**Task requirements:**
Please write out only the lines from the line with "Carretilla de Mano" to the line with "Sterling Silver Navajo", inclusive, exactly as they stand below, without the pictures.

**Excerpted records:**
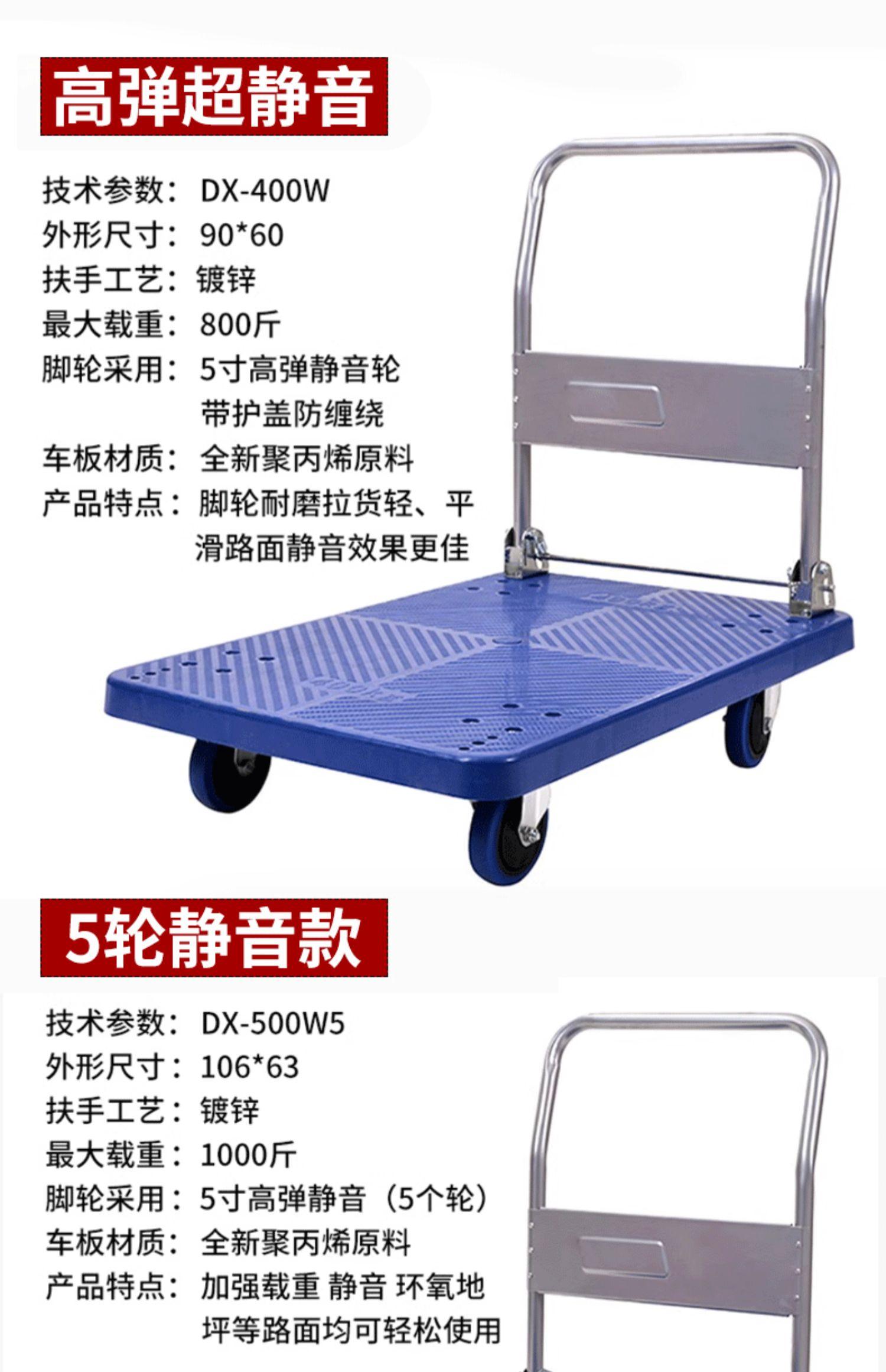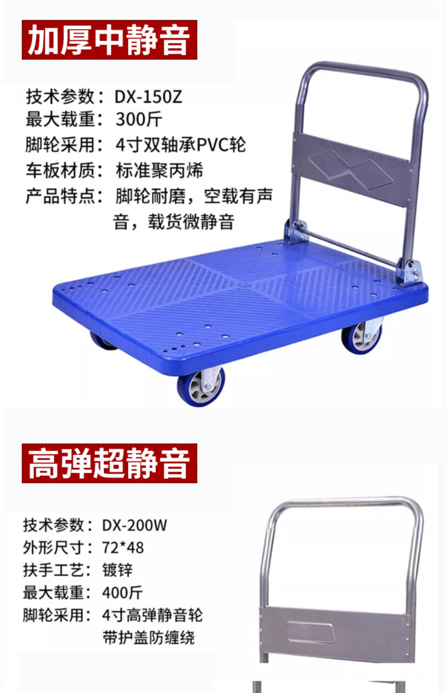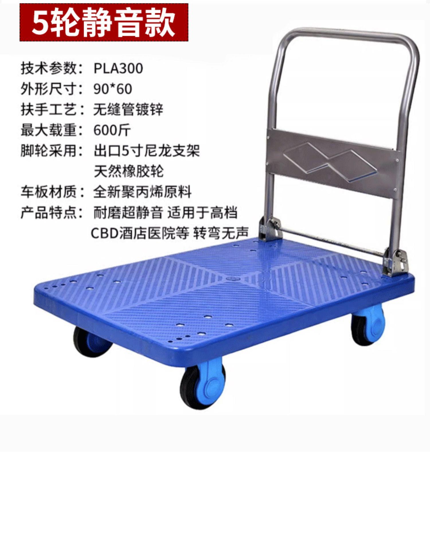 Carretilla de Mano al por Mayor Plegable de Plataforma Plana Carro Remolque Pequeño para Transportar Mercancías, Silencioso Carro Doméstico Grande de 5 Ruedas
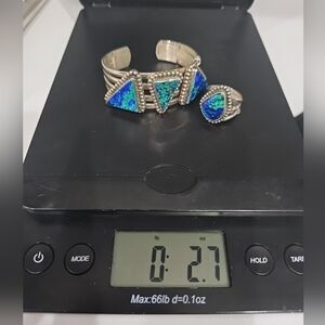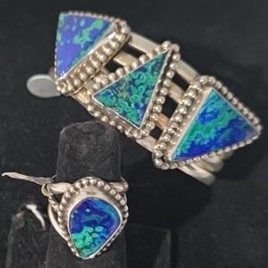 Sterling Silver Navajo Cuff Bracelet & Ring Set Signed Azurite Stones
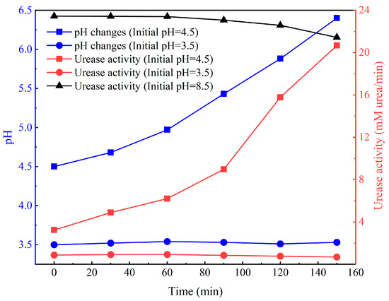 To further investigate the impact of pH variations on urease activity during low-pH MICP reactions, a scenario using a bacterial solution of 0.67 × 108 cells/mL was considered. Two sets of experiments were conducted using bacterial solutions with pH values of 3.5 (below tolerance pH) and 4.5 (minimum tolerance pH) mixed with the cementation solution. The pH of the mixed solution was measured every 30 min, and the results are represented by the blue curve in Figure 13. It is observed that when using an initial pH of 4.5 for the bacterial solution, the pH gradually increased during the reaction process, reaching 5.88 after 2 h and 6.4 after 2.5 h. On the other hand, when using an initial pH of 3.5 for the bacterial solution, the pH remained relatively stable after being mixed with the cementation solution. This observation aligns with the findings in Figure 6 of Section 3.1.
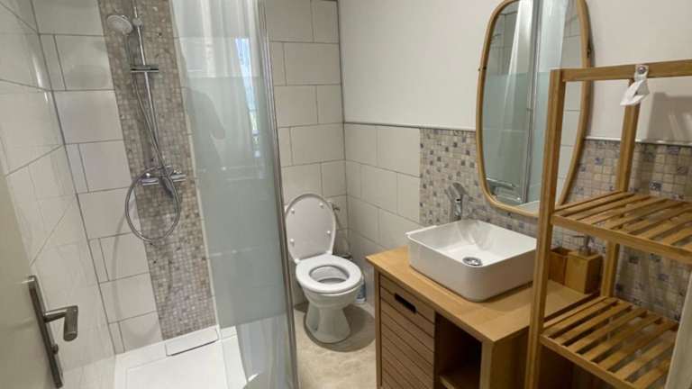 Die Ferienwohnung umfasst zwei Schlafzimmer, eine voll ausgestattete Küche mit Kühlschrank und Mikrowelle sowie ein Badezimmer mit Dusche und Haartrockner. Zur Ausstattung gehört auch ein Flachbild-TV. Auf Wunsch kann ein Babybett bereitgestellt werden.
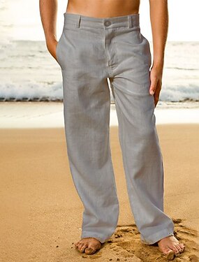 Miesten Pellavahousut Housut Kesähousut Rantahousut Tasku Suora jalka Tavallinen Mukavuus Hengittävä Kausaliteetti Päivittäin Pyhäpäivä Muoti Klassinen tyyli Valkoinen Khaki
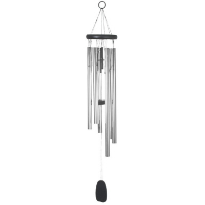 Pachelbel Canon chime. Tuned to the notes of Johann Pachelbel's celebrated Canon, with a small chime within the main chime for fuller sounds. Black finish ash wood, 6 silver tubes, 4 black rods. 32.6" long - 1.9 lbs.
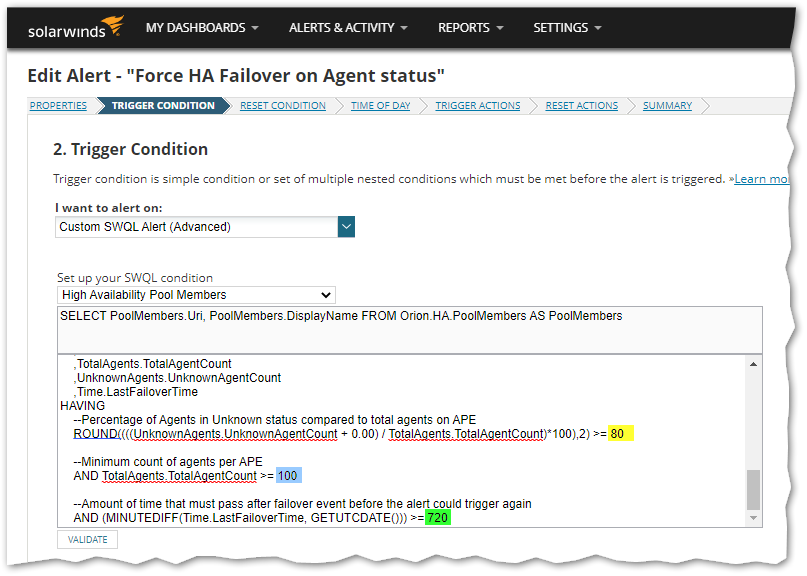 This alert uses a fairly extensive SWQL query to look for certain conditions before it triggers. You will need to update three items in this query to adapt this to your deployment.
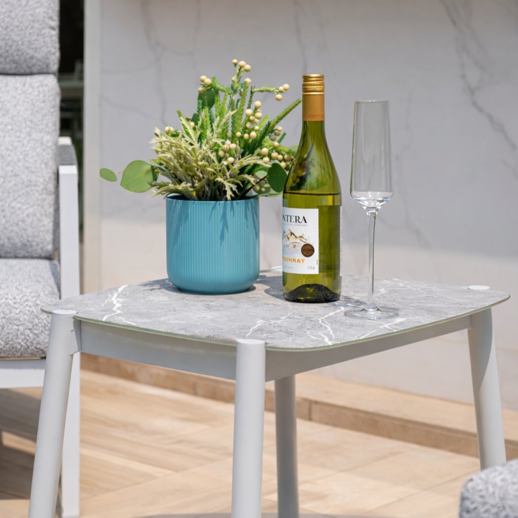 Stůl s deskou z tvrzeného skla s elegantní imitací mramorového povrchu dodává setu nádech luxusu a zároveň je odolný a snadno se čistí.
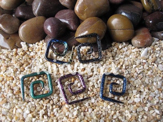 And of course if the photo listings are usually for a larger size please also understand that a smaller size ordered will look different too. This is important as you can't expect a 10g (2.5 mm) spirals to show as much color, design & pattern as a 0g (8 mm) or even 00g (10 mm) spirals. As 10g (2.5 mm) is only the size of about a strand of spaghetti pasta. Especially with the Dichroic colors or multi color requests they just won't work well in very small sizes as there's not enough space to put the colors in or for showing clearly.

...

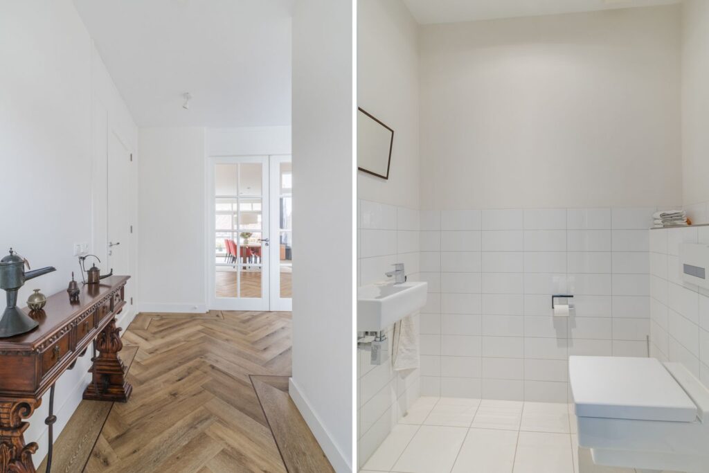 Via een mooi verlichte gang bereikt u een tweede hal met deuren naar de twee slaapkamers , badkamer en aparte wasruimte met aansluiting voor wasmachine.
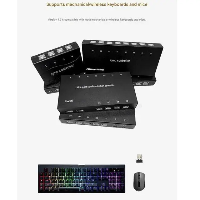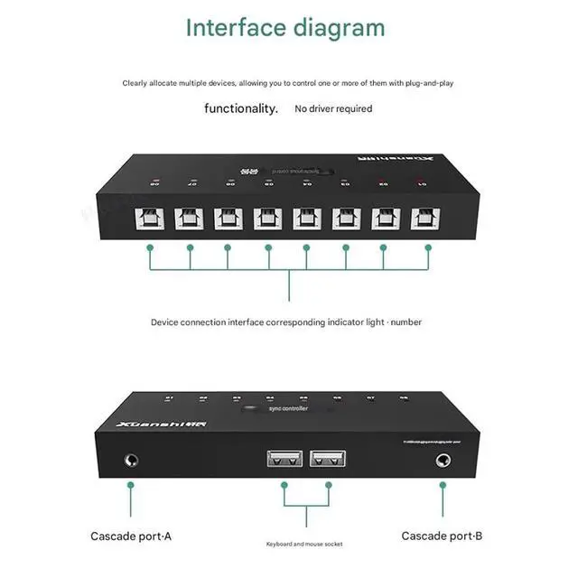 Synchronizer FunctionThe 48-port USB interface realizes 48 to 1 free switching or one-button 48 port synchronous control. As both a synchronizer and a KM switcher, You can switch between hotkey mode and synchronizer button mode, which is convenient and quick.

**Reply to the task:**
 Carretilla de Mano al por Mayor Plegable de Plataforma Plana Carro Remolque Pequeño para Transportar Mercancías, Silencioso Carro Doméstico Grande de 5 Ruedas
 Sterling Silver Navajo Cuff Bracelet & Ring Set Signed Azurite Stones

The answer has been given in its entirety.